Data extract:
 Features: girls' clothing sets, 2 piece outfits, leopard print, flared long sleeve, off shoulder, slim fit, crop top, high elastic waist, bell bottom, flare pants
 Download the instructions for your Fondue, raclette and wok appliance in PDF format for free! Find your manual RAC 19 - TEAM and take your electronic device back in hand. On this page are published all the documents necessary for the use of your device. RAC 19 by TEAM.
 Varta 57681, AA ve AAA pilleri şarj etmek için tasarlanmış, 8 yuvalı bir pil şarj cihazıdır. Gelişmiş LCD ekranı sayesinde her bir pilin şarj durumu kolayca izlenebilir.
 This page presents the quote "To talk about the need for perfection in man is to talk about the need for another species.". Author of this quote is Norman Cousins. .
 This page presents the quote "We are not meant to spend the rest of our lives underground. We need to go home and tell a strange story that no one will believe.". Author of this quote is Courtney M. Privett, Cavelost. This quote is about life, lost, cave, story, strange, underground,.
...
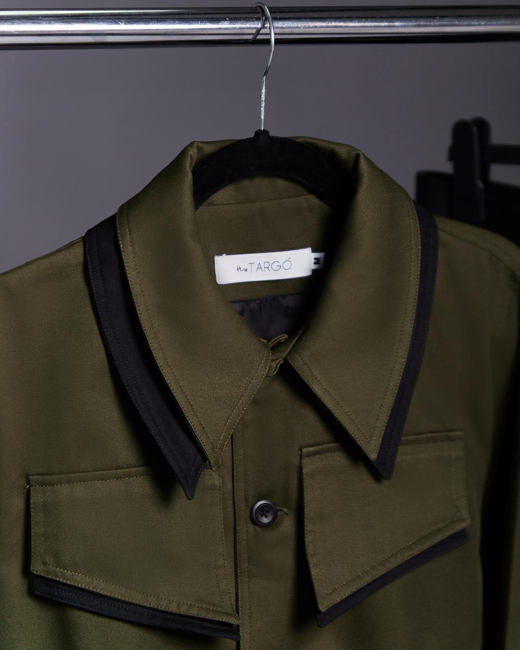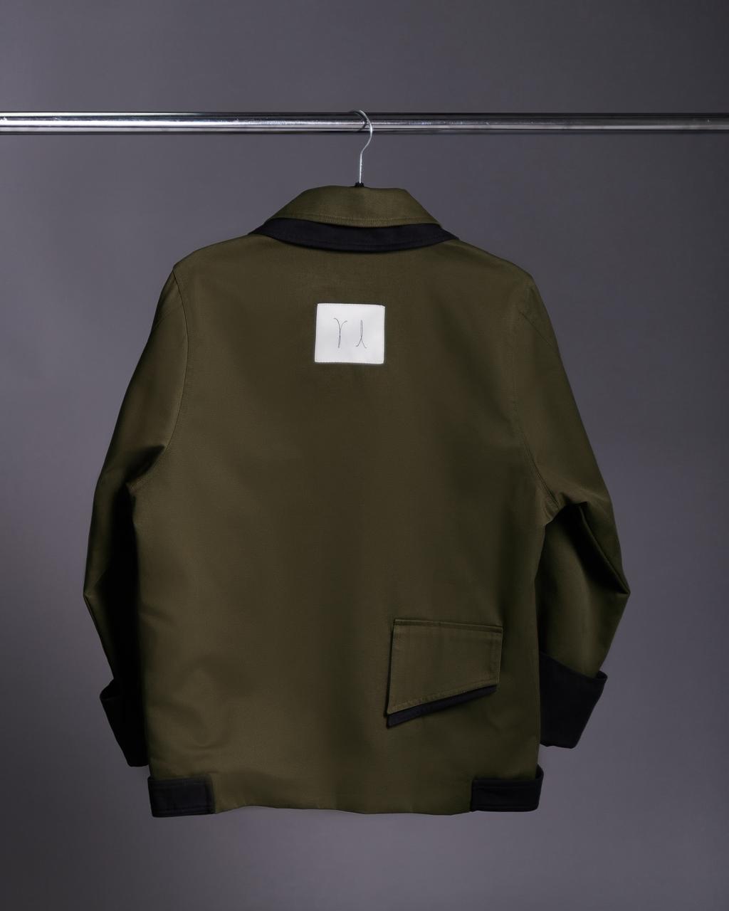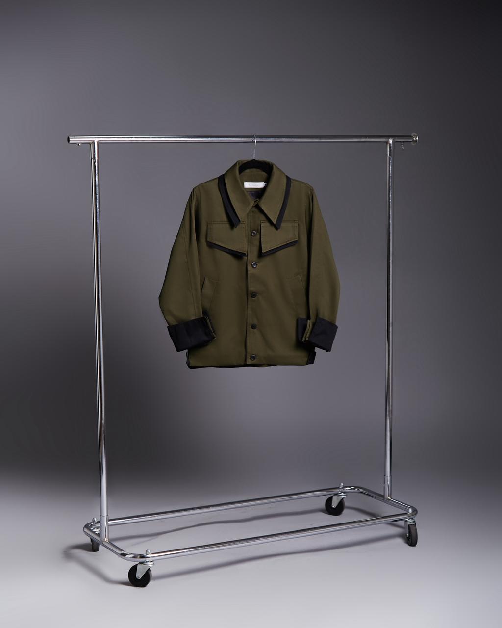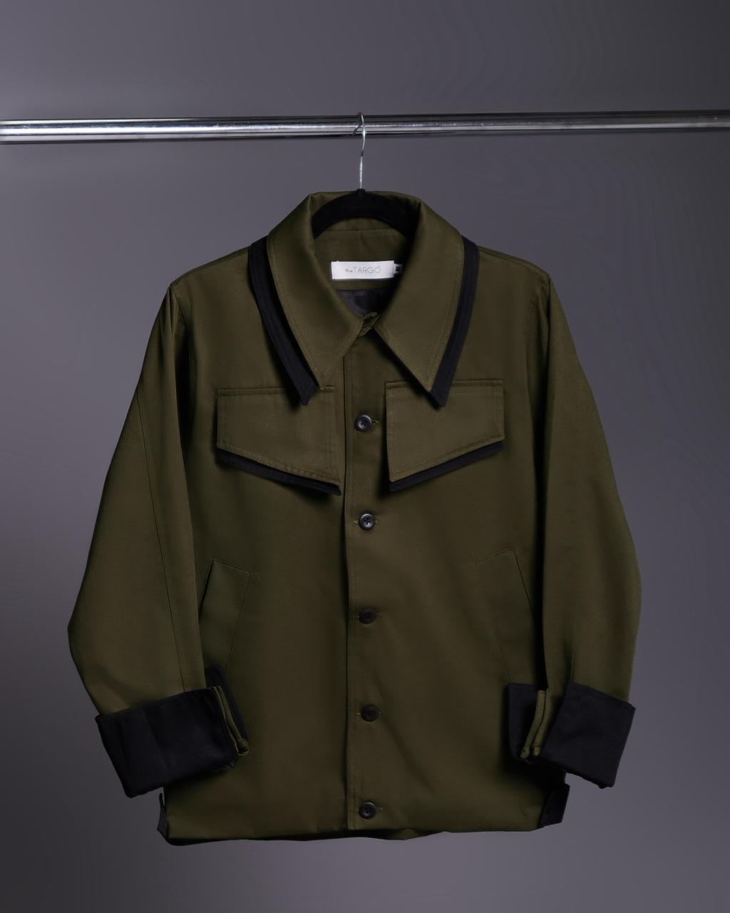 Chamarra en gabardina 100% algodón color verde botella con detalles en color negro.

Exercise objective:
Within the material above, extract exactly the lines that start at the line containing "Download the instructions" and stop after the line containing "Varta 57681, AA", and only those.

Exercise output:
 Download the instructions for your Fondue, raclette and wok appliance in PDF format for free! Find your manual RAC 19 - TEAM and take your electronic device back in hand. On this page are published all the documents necessary for the use of your device. RAC 19 by TEAM.
 Varta 57681, AA ve AAA pilleri şarj etmek için tasarlanmış, 8 yuvalı bir pil şarj cihazıdır. Gelişmiş LCD ekranı sayesinde her bir pilin şarj durumu kolayca izlenebilir.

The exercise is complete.